Only 26.0% of students were reported to have received nutrition education prior to graduation from high school in China [26]. Therefore, engagement with educational resources (academic courses, peer learning, extracurricular activities, meeting with nutritional professionals and getting free food from events) in higher education settings may be effective in improving food literacy. Academic courses in higher education settings have been reported to be effective in changing food behaviour [15]. Malan et al. [27] stated that students found the information provided by professors, dietitians and the university itself useful and credible. We therefore suggest the consideration of nutrition-related modules to be accommodated within the higher education curriculum-even when offered initially as optional modules.

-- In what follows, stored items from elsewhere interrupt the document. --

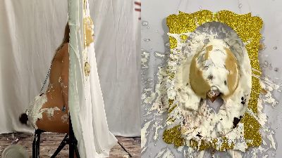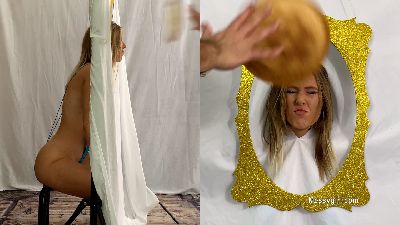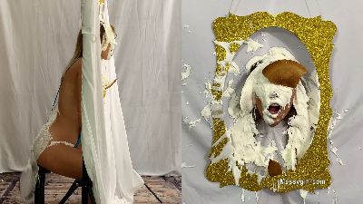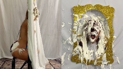 Newbie Stephanie returns and this time she is a human pie target. She is wearing a sexy swimsuit. When she says the magic words "pie me" she gets them all thrown hard at her face. During the pie throws, she takes out her big tits and rubs the cream all over them as the pies continues to obliterate her pretty face. She then pies herself and loves it.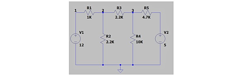 Örnek: Aşağıdaki devrede V gerilimi değerini süperposizyon yöntemi kullanarak bulalım.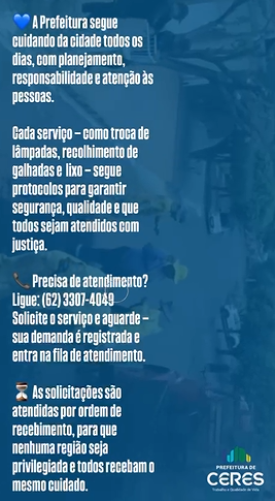 ComunicadoA Prefeitura de Ceres segue realizando diariamente serviços de manutenção urbana em toda a cidade, como troca de lâmpadas, recolhimento de galhadas e lixo, entre outras demandas, seguindo planejamento, protocolos técnicos e organização para garantir segurança, qualidade e atendimento justo à população.
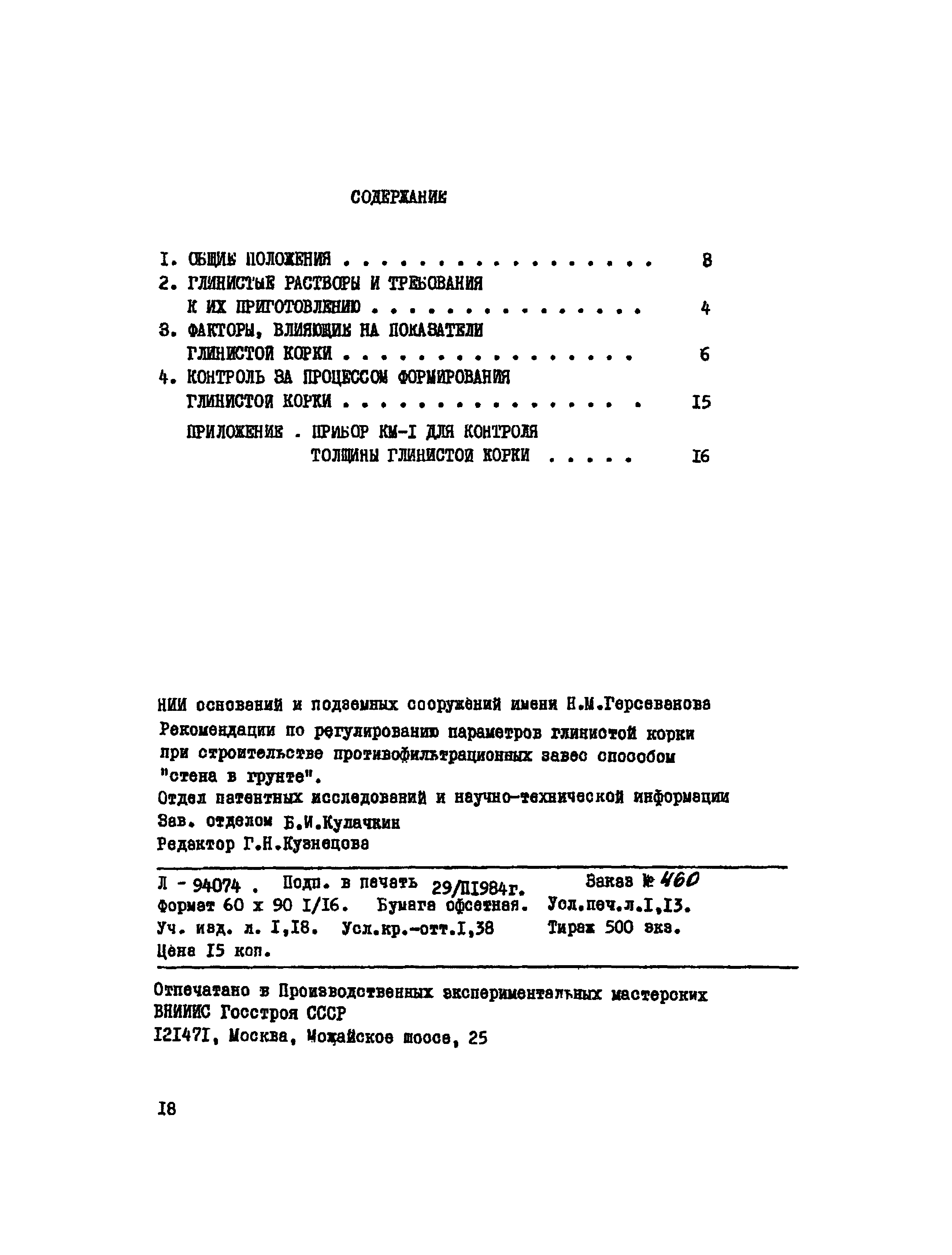 | Оглавление: | 1 Общие положения 2 Глинистые растворы и требования к их приготовлению 3 Факторы, влияющие на показатели глинистой корки 4 Контроль за процессом формирования глинистой корки Приложение. Прибор КМ-1 для контроля толщины глинистой корки |

The reason why nutrition labels were produced for the snack foods was to emphasise the importance of reading labels and to encourage their use. The preliminary results showed that the buying decision of 48.7% of participants (for snack foods sold on the campus) was affected by the presence of nutritional labels on packaged foods (n=320) [16]. This value was less than the value reported (72.4%) in a study, which recruited Chinese consumers aged 12 to 54 (n=1536) [28].
Fidelity in intervention ensures that all intervention activities are executed as planned in the methods [29]. As none of the researchers were present at the time when the snacks and leaflets were presented, we were not able to verify that all students were encouraged or given adequate time to read the leaflets and taste the snacks. It is possible that lack of intervention fidelity could have compromised the findings. Duration of the nutrition education interventions is one of the factors affecting their efficiency [29]. It is suggested that interventions lasting for greater than 5 months reported higher levels of success [30]. In this study, the intervention only encompassed 4 weeks, which was less than the recommended time period.
The first administration of the questionnaire had a response rate of 56.6%, however for the re-test, this rate declined to 26.6%. Spring break, which coincided with the 4th week of the intervention, resulted in a considerable decrease in the attendance level of students. A control group was not used in the questionnaire. Only one university was examined and therefore the results should be used with caution. Finally, as with any type of survey, participants who intentionally or unintentionally distorted their responses may represent a source of bias.
Conclusion
The intervention elicited positive response from the students and lecturers. The participants commented that the intervention made them more aware of healthy eating. The intervention was useful in creating an agenda for decision-makers of the university to adopt organisational changes including those that increase the availability and affordability of foods and snacks that align more closely with the key recommendations. There is a need for other nutrition education interventions (with longer durations) to improve eating behaviour of Chinese university students. We strongly recommend the consideration of nutrition-related modules in the higher education curriculum.